■ **PROBLEM TO SOLVE**
Go to the line with "The Karpooradi Thailam" in the entries below and write out every line from there through the line with "- Efikasna rešenja", exactly and without pictures.

= Beginning of Section =

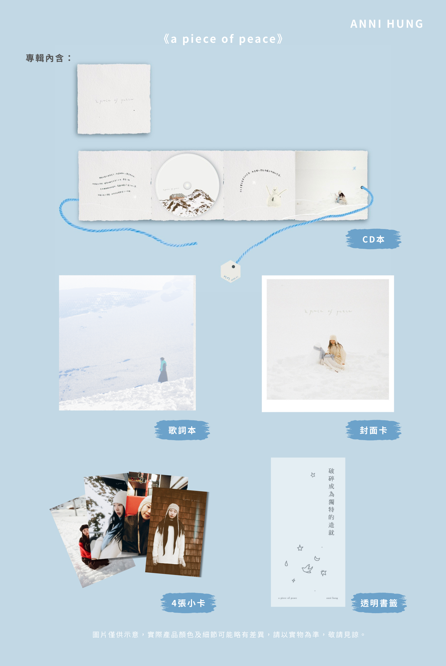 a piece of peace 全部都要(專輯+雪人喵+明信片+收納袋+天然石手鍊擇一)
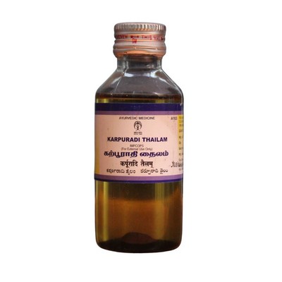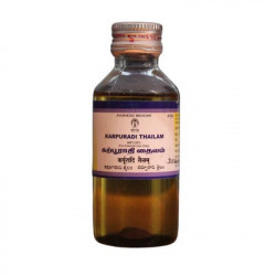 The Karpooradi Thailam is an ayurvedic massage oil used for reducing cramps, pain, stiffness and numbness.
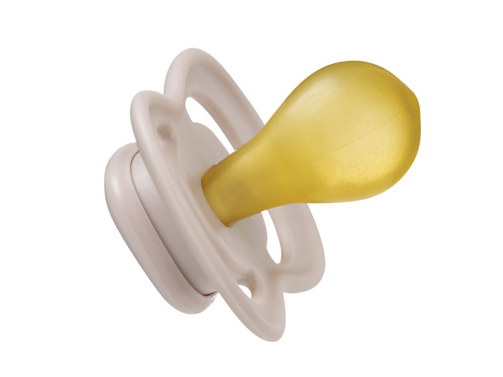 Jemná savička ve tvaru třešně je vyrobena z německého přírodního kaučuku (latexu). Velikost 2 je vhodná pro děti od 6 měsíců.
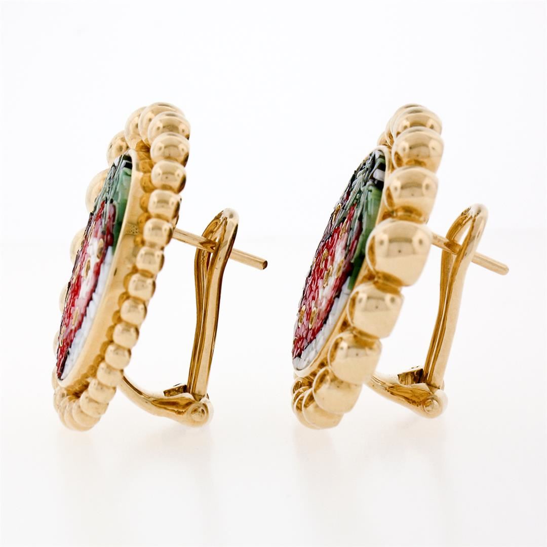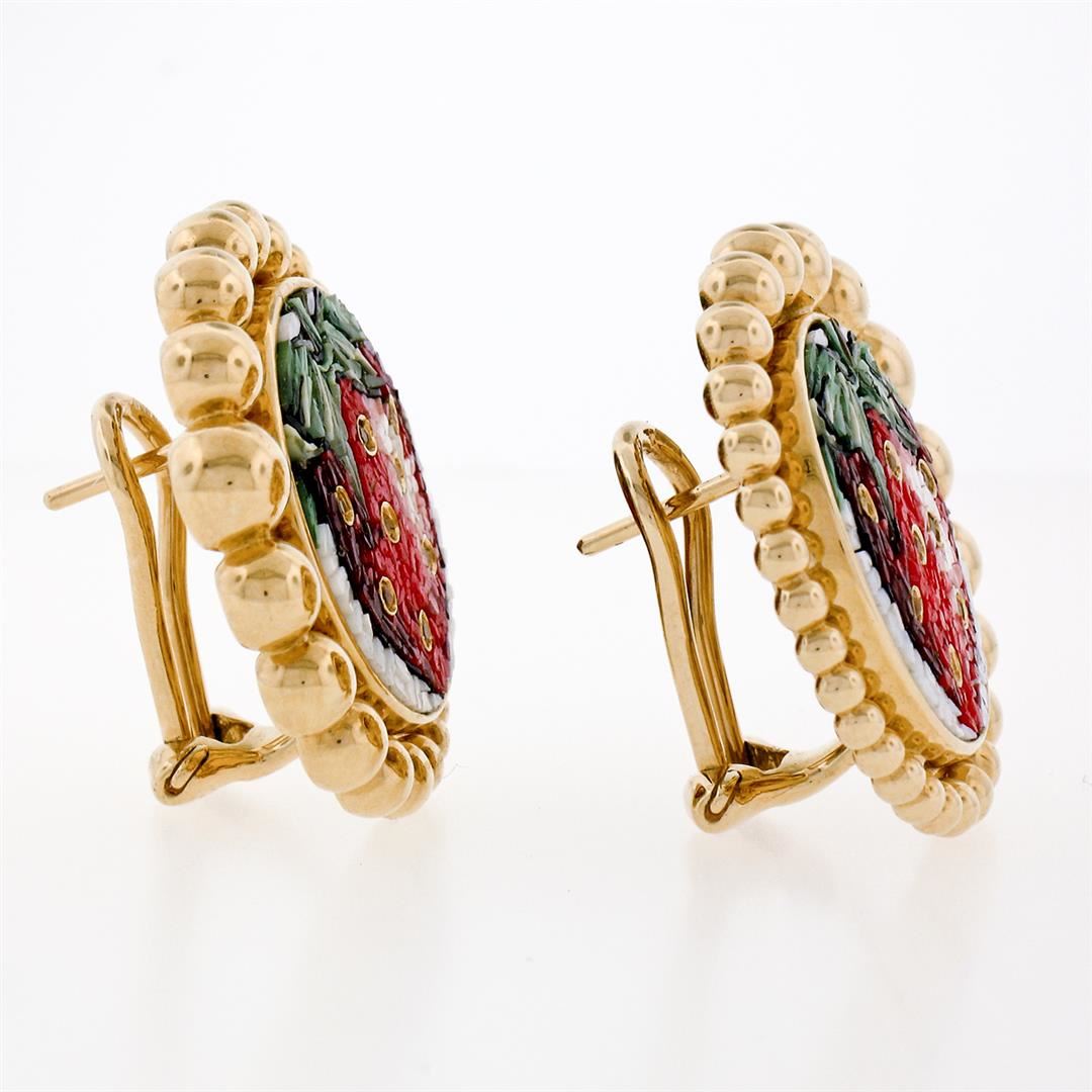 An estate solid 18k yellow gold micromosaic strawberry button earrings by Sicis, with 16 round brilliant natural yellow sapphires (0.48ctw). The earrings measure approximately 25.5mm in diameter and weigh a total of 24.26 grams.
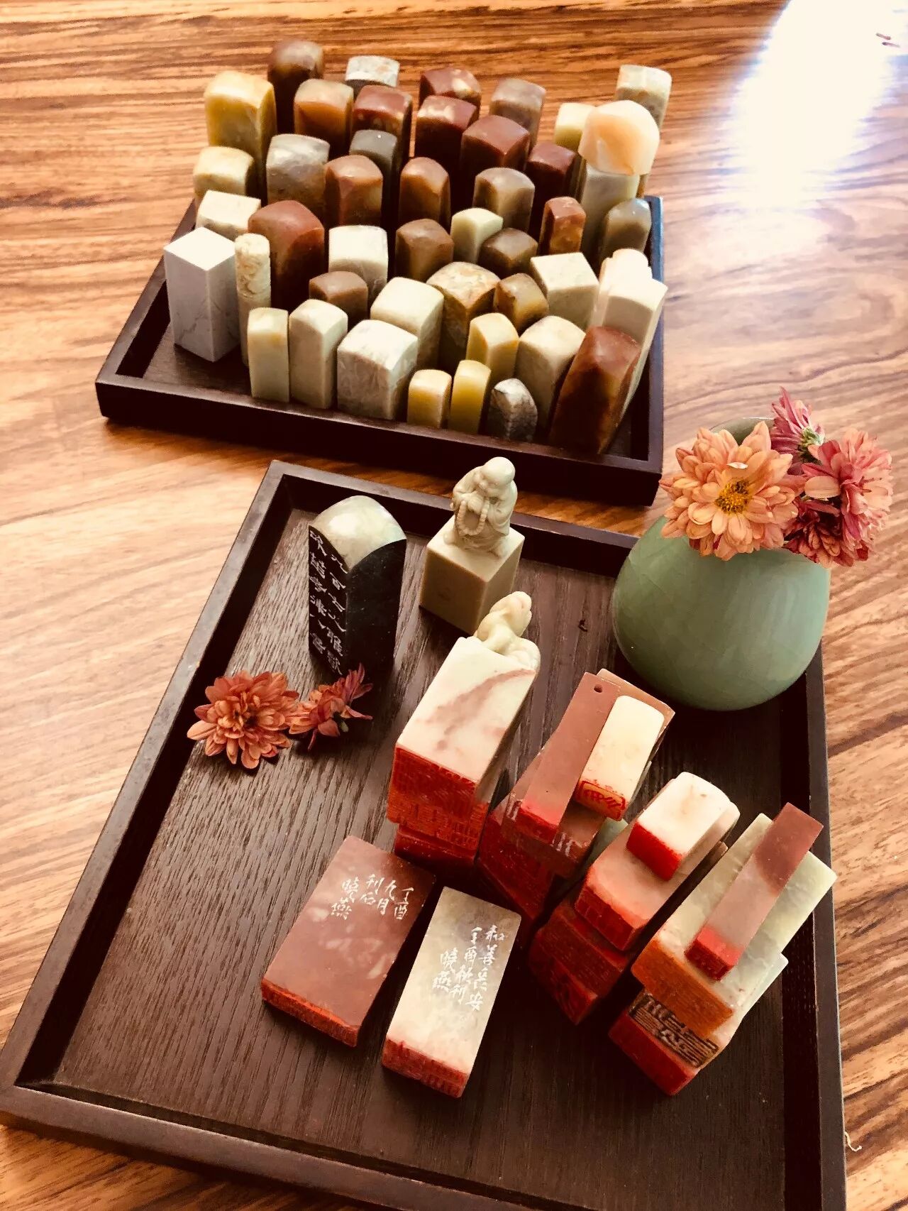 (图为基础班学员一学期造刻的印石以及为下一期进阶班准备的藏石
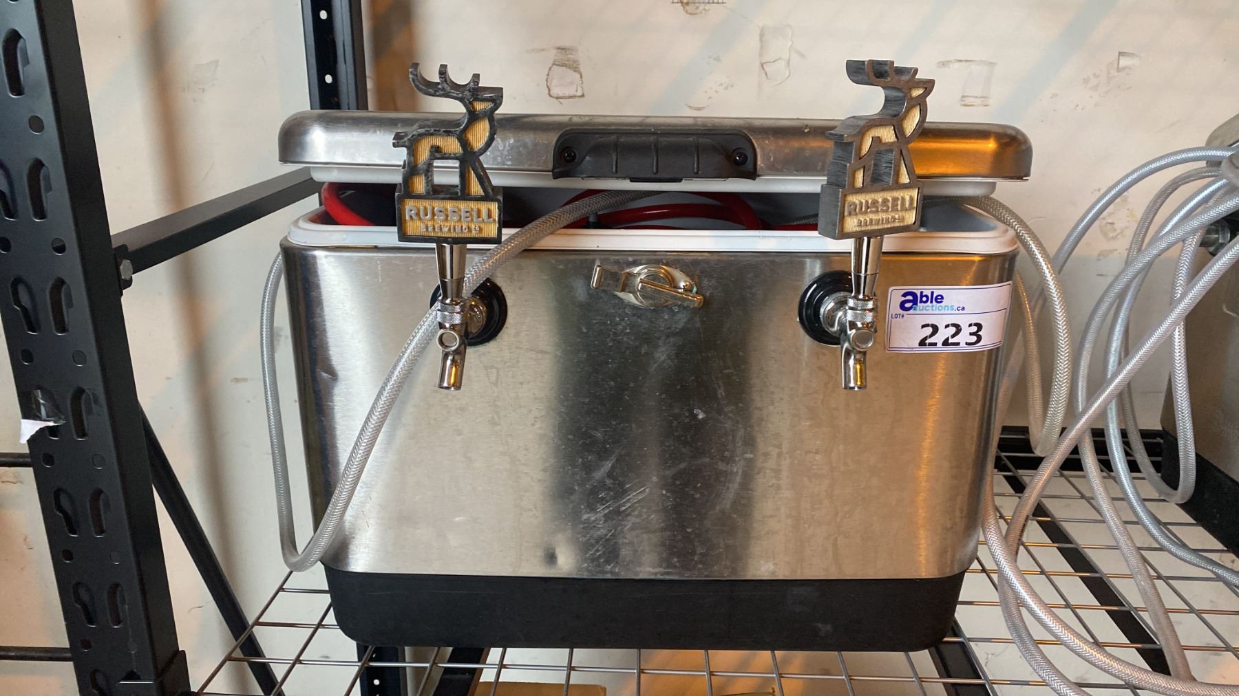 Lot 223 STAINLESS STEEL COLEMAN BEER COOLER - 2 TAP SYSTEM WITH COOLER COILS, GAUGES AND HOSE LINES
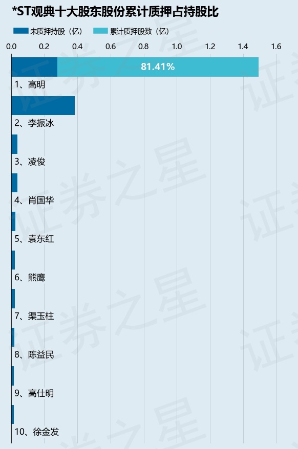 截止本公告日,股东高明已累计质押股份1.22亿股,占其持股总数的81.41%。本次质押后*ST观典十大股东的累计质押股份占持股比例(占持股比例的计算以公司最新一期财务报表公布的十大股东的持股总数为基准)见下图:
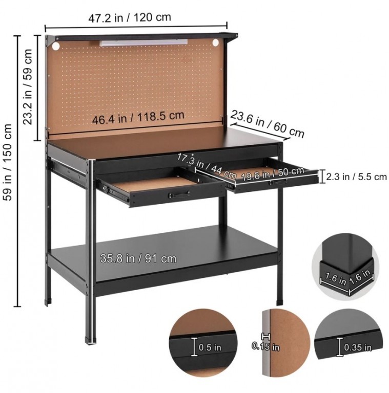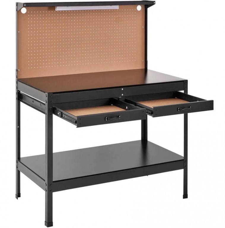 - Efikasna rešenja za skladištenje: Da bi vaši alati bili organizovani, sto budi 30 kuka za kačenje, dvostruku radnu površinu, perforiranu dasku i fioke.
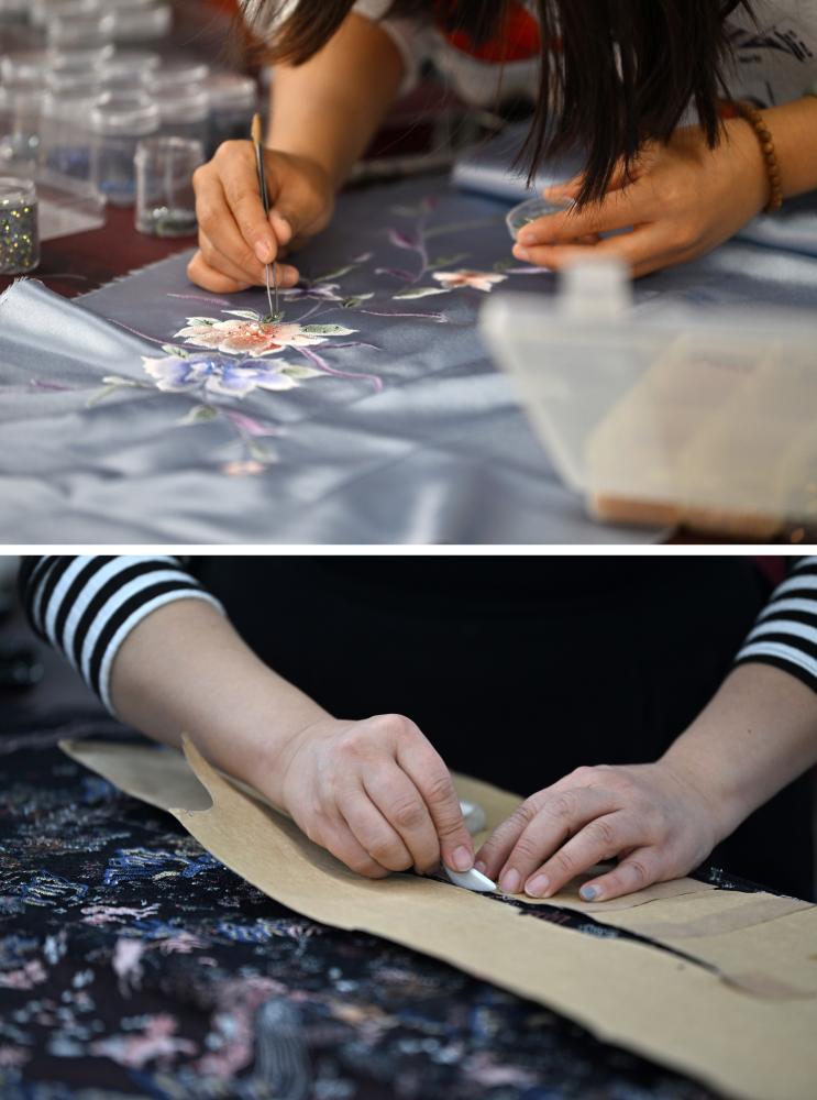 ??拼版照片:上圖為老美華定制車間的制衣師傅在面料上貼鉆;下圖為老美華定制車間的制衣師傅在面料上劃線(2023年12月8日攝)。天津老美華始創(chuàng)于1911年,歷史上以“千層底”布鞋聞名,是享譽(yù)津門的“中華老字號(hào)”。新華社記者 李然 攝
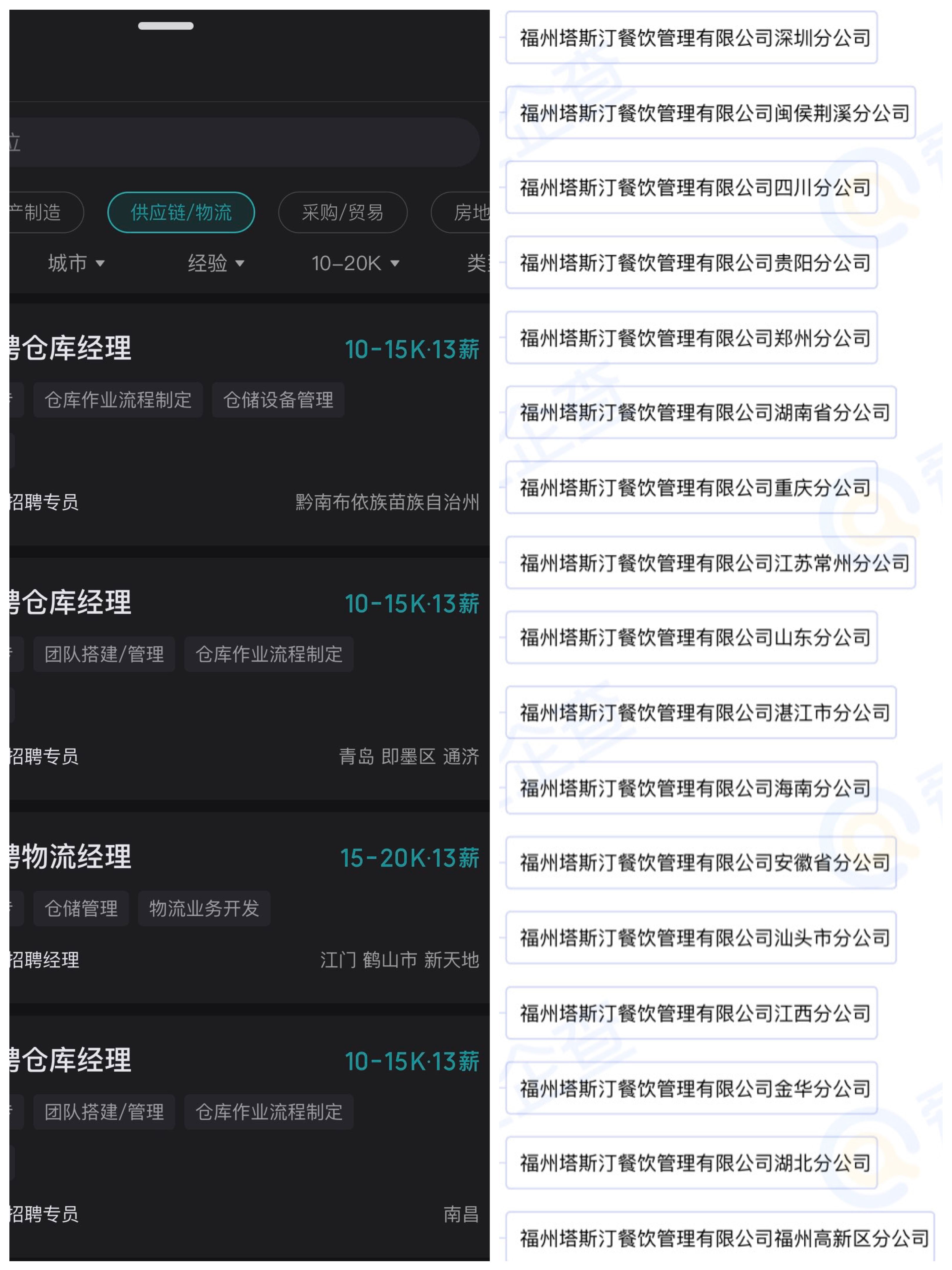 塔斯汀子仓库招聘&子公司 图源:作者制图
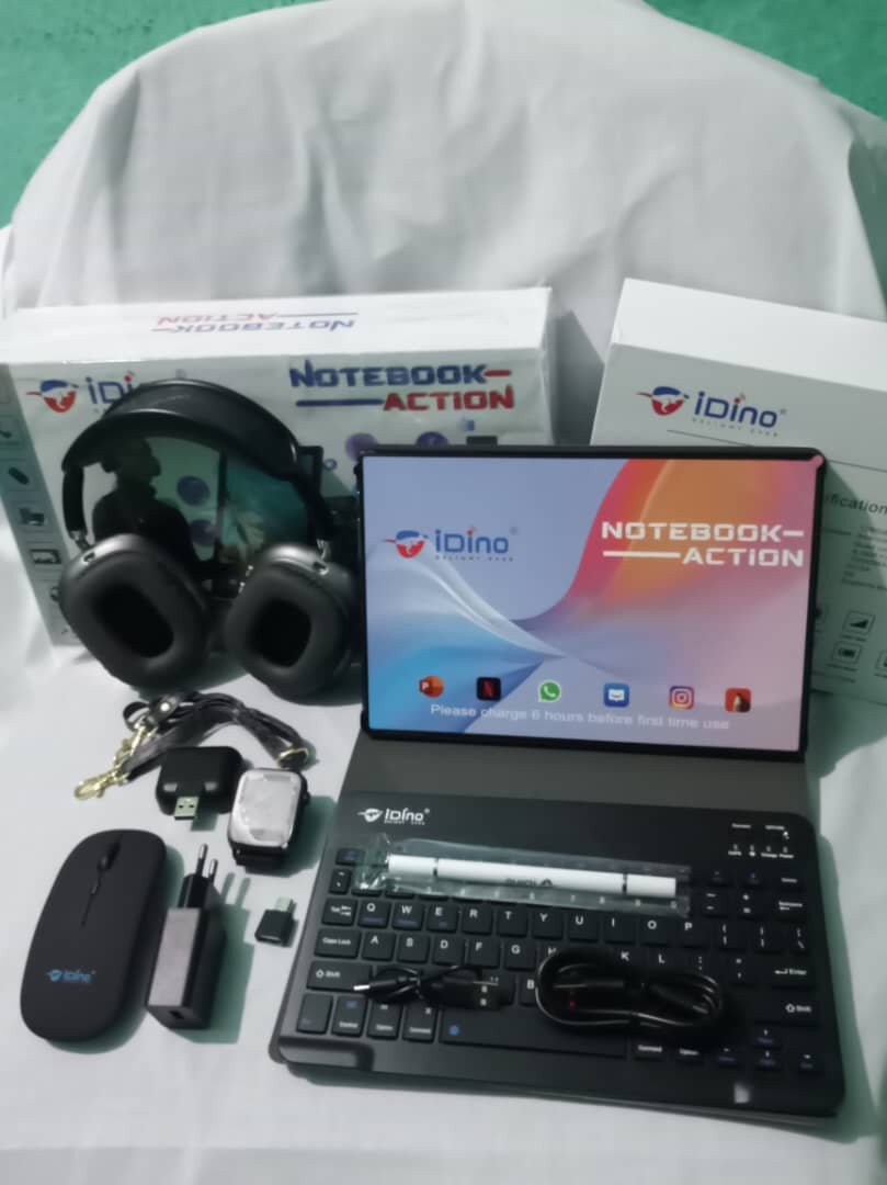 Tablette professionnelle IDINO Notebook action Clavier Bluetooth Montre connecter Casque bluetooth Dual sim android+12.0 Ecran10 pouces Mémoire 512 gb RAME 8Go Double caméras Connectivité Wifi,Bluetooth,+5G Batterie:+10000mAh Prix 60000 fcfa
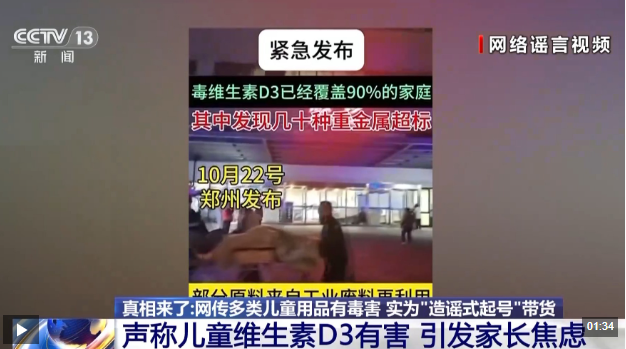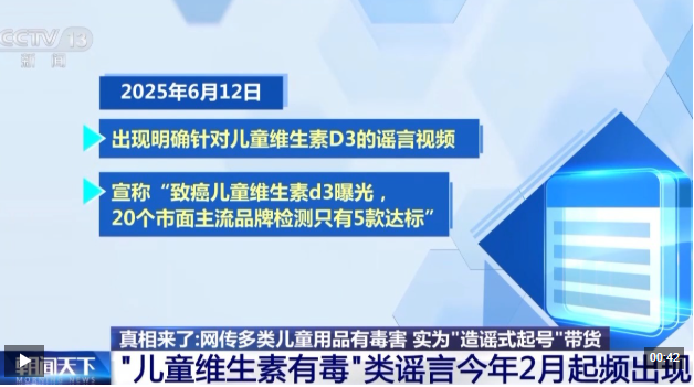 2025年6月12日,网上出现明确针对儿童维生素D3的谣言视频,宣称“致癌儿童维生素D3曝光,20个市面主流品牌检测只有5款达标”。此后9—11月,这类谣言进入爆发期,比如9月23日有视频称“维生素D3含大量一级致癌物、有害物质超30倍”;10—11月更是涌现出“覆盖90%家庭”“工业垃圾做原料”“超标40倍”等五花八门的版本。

= End of Section =

■ **ANSWER BELOW**
 The Karpooradi Thailam is an ayurvedic massage oil used for reducing cramps, pain, stiffness and numbness.
 Jemná savička ve tvaru třešně je vyrobena z německého přírodního kaučuku (latexu). Velikost 2 je vhodná pro děti od 6 měsíců.
 An estate solid 18k yellow gold micromosaic strawberry button earrings by Sicis, with 16 round brilliant natural yellow sapphires (0.48ctw). The earrings measure approximately 25.5mm in diameter and weigh a total of 24.26 grams.
 (图为基础班学员一学期造刻的印石以及为下一期进阶班准备的藏石
 Lot 223 STAINLESS STEEL COLEMAN BEER COOLER - 2 TAP SYSTEM WITH COOLER COILS, GAUGES AND HOSE LINES
 截止本公告日,股东高明已累计质押股份1.22亿股,占其持股总数的81.41%。本次质押后*ST观典十大股东的累计质押股份占持股比例(占持股比例的计算以公司最新一期财务报表公布的十大股东的持股总数为基准)见下图:
 - Efikasna rešenja za skladištenje: Da bi vaši alati bili organizovani, sto budi 30 kuka za kačenje, dvostruku radnu površinu, perforiranu dasku i fioke.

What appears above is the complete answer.